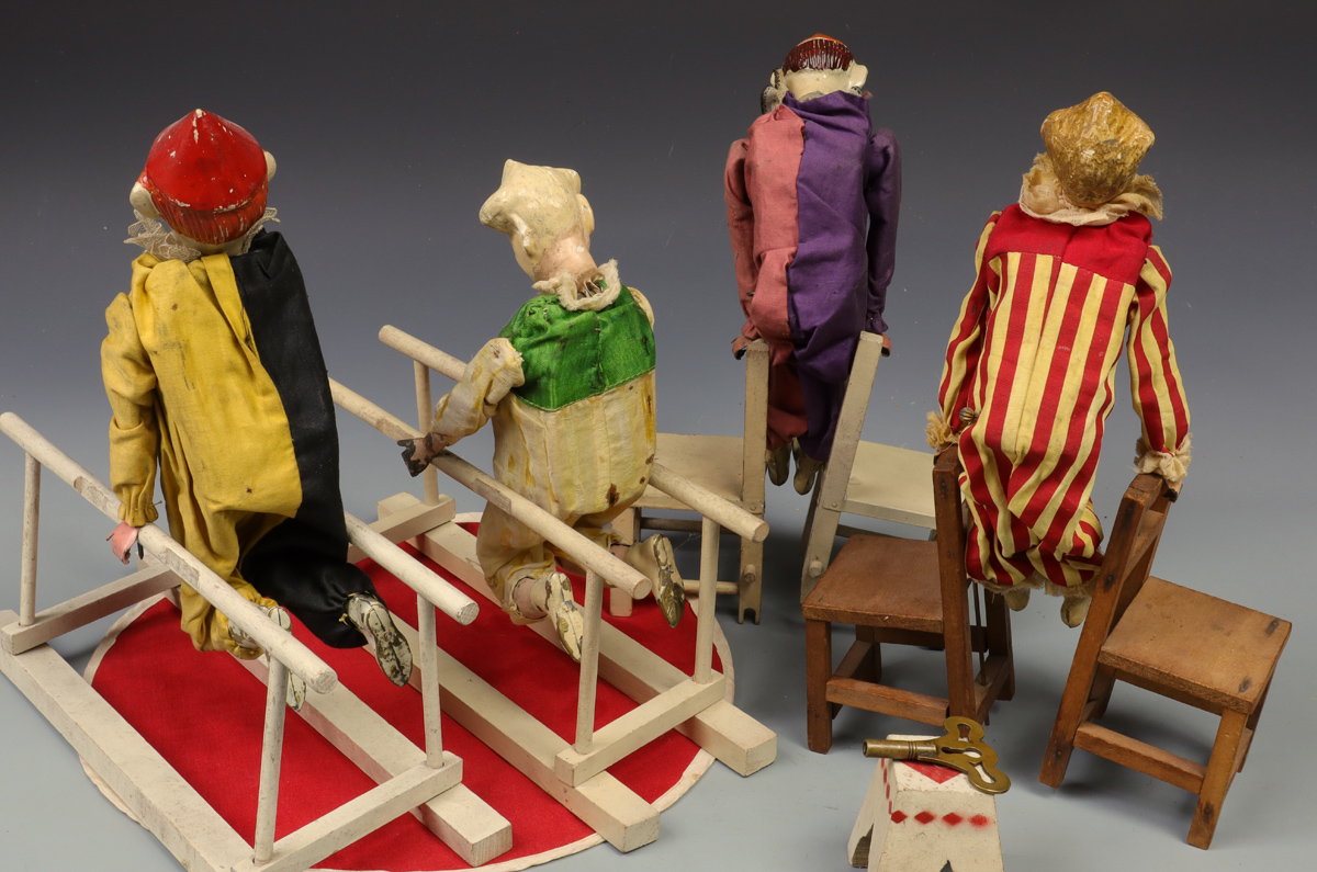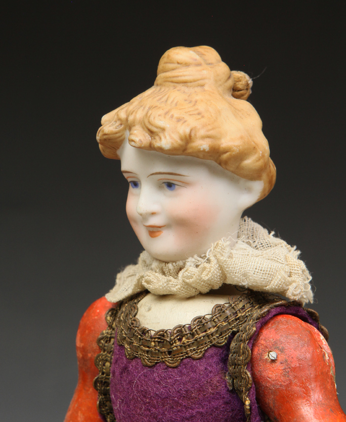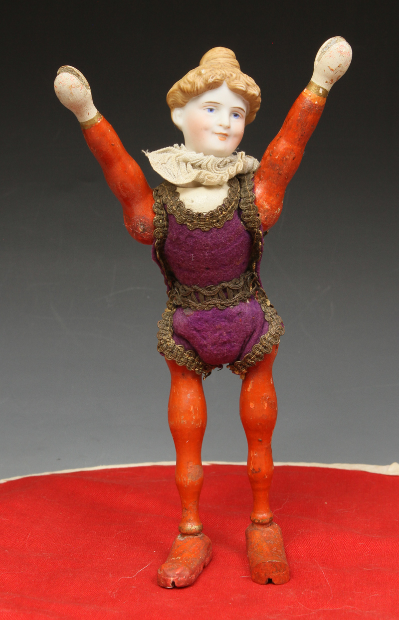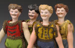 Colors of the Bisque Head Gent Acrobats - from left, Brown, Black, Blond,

++++++++++++++++++++

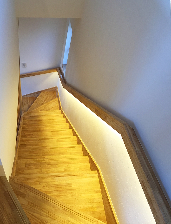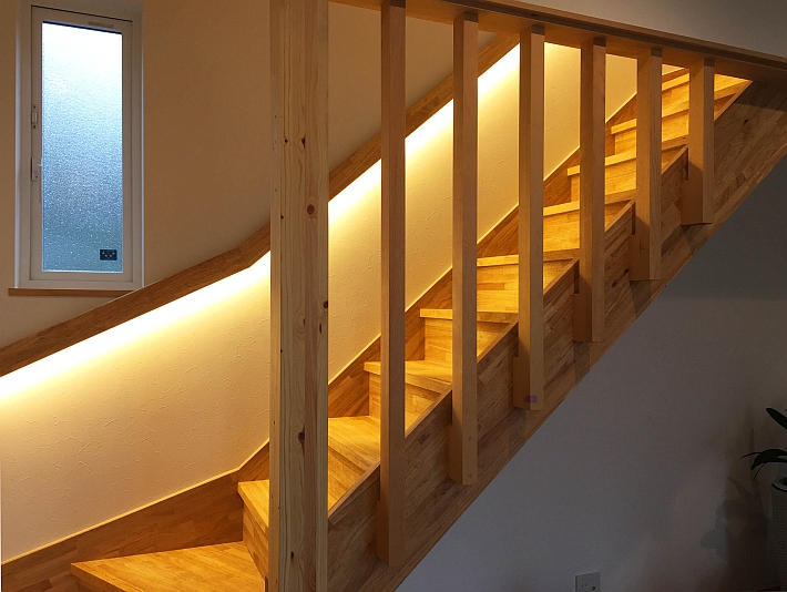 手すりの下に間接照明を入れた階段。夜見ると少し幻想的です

++++++++++++++++++++

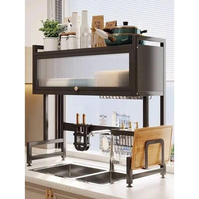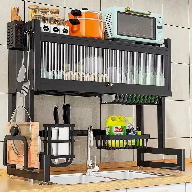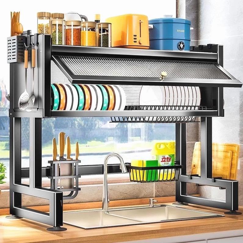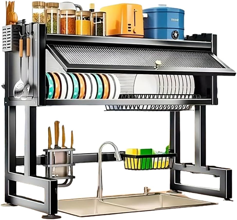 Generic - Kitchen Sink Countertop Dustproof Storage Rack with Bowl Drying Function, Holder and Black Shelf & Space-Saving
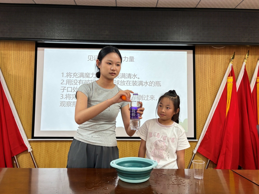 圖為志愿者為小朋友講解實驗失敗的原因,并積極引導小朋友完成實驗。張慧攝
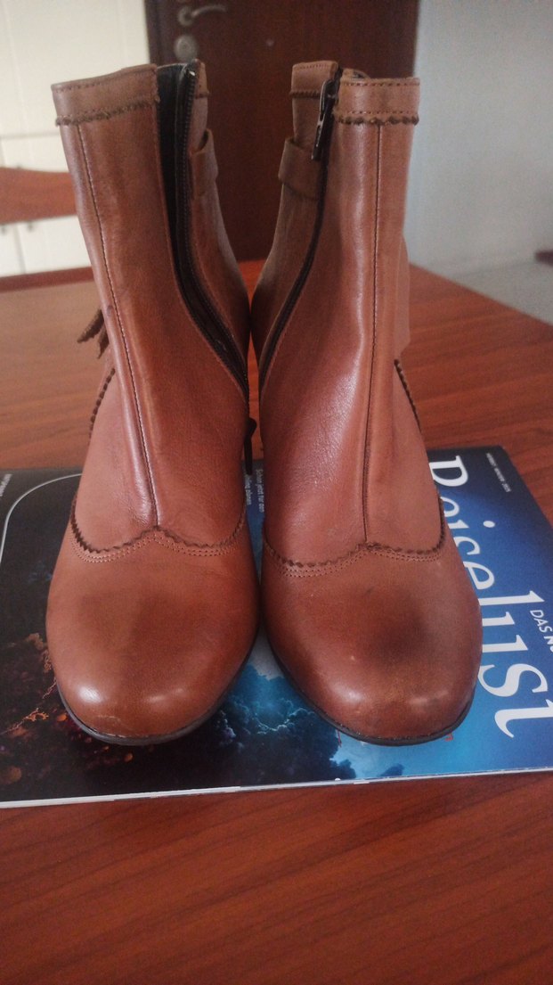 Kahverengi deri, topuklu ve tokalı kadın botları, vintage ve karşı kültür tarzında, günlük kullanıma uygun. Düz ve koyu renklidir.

++++++++++++++++++++

[Work item]: Nothing but the lines above from the one that has "Generic - Kitchen" down to the one that has "Kahverengi deri, topuklu" belongs in the answer, copied exactly, without pictures.

[Response]:
 Generic - Kitchen Sink Countertop Dustproof Storage Rack with Bowl Drying Function, Holder and Black Shelf & Space-Saving
 圖為志愿者為小朋友講解實驗失敗的原因,并積極引導小朋友完成實驗。張慧攝
 Kahverengi deri, topuklu ve tokalı kadın botları, vintage ve karşı kültür tarzında, günlük kullanıma uygun. Düz ve koyu renklidir.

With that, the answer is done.